┌─ Data to process
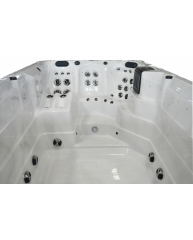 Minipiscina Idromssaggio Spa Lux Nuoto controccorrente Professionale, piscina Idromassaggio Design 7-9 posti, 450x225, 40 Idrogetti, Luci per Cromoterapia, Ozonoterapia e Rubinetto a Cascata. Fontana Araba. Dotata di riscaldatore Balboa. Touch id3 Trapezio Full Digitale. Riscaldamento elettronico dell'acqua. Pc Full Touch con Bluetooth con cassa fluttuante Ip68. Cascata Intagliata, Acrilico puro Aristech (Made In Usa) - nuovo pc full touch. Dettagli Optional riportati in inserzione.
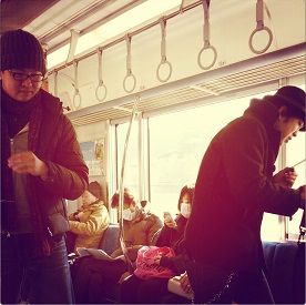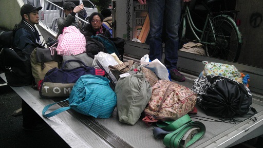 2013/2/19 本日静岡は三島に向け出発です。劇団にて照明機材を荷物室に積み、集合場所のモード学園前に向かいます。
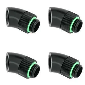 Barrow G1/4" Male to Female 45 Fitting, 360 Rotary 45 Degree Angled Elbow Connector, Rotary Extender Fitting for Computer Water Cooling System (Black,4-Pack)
└─
┌─ Data to process
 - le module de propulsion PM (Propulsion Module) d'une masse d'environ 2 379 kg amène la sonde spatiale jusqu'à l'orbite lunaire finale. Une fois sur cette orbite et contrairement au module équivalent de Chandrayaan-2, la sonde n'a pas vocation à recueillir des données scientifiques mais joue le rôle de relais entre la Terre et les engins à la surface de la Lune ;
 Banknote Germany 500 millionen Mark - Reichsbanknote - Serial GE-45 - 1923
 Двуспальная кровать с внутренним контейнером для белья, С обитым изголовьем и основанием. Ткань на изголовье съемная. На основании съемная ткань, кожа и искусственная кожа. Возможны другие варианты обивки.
└─
**Task item**
Starting at the line above that contains "- le module", repeat each line exactly up to and including the line that contains "Двуспальная кровать с", and stop there.

**Exercise output**
 - le module de propulsion PM (Propulsion Module) d'une masse d'environ 2 379 kg amène la sonde spatiale jusqu'à l'orbite lunaire finale. Une fois sur cette orbite et contrairement au module équivalent de Chandrayaan-2, la sonde n'a pas vocation à recueillir des données scientifiques mais joue le rôle de relais entre la Terre et les engins à la surface de la Lune ;
 Banknote Germany 500 millionen Mark - Reichsbanknote - Serial GE-45 - 1923
 Двуспальная кровать с внутренним контейнером для белья, С обитым изголовьем и основанием. Ткань на изголовье съемная. На основании съемная ткань, кожа и искусственная кожа. Возможны другие варианты обивки.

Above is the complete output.